Report on Interest

Buhari blames Obasanjo, Shagari for Nigeria’s liquefied gas challenges

By Olawale Abdul-Fatah
As Nigeria continues to records daily loss in liquefied natural gas, President Muhammadu Buhari, has attributed the challenges in the sector on the Olusegun Obasanjo and late Shehu Shagari administrations.
Buhari argued that in 1983 when the Buhari/Idiagbon administration took over from Shagari, the nit a single part of the blueprint on liquefied gas had been implemented.
The President disclosed this during bilateral meeting held on the sidelines of the 5th Summit of Gas Exporting Countries Forum in Malabo, Equatorial Guinea, with Iranian Vice President for Economic Affairs, Mohammad Nahavandian.
At the meeting where both countries agreed to set up a binational commission that will promote trade, investment, agriculture and technology transfer, the Nigerian President recalled his close association as Nigeria’s oil minister with Iran before 1978 when he left office.

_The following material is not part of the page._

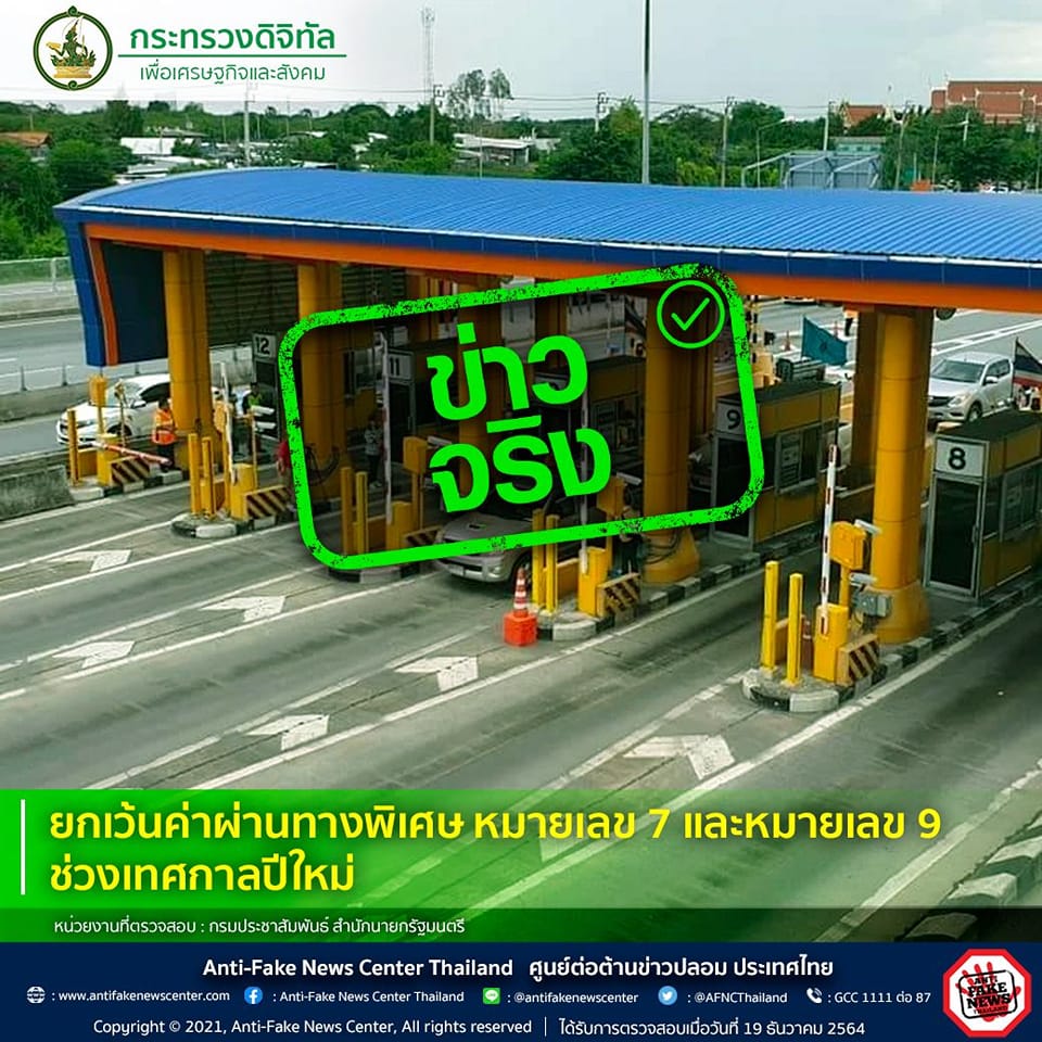 ยกเว้นค่าผ่านทางพิเศษ หมายเลข 7 และหมายเลข 9 ช่วงเทศกาลปีใหม่

Buhari told his guest that “if the blueprint he left behind as petroleum minister had been followed, Nigeria would have had 12 Liquefied Natural Gas trains by 1983.
“Instability and partisan politics thwarted all that, leaving us with just six, and the seventh we are now working on. We would have been earning more from gas,” he added.
Buhari said the future of oil and gas is in value addition, extolling Iranians for attainments in oil and gas, electricity generation, agriculture and petrochemical industry.
The President, in a statement signed by his Senior Special Assistant on Media and Publicity, Garba Shehu, stressed that he was impressed with the speed in transformation of Iranian oil and gas industry from what it used to be when he served as Nigeria’s petroleum minister in the 1970s.
According to him, I will work very hard towards the joint commission. We will go back and identify sectors of common interest. In particular, we are interested in how you utilized your gas, with 95 per cent of your national population wired to gas.
“The evolution of our gas industry is too slow. We are still flaring gas. I will work with you on how to harness and utilize our gas. I am very impressed”.
The President said that Iran also flared gas in the 70s, expressing his delight that the fires had all been put out, assuring that Nigeria would soon attain the same feat.
Buhari asked to be given up to second quarter of 2020 on the modality of the binational commission.
The President commended the Iranian defeat of ISIS in Iraq and Syria, saying the dispossession of the terrorists of their oil wells meant that they had lost access to resources used in supporting Boko Haram in Lake Chad sub-region.
The Iranian Vice President, who was emphatic that Nigeria and Iran can do a lot, said: “A lot can be done. We can do miracles. We have the vision”.
He suggested four major areas of economic cooperation:  petrochemical, power, irrigation agriculture and industry.
The Iranian Vice President also offered cooperation in counter terrorism, citing the routing of ISIS in Iraq and Syria as major contribution to the global anti-terrorism efforts.
He used the meeting to brief the President on the political and security situation in the Middle East region.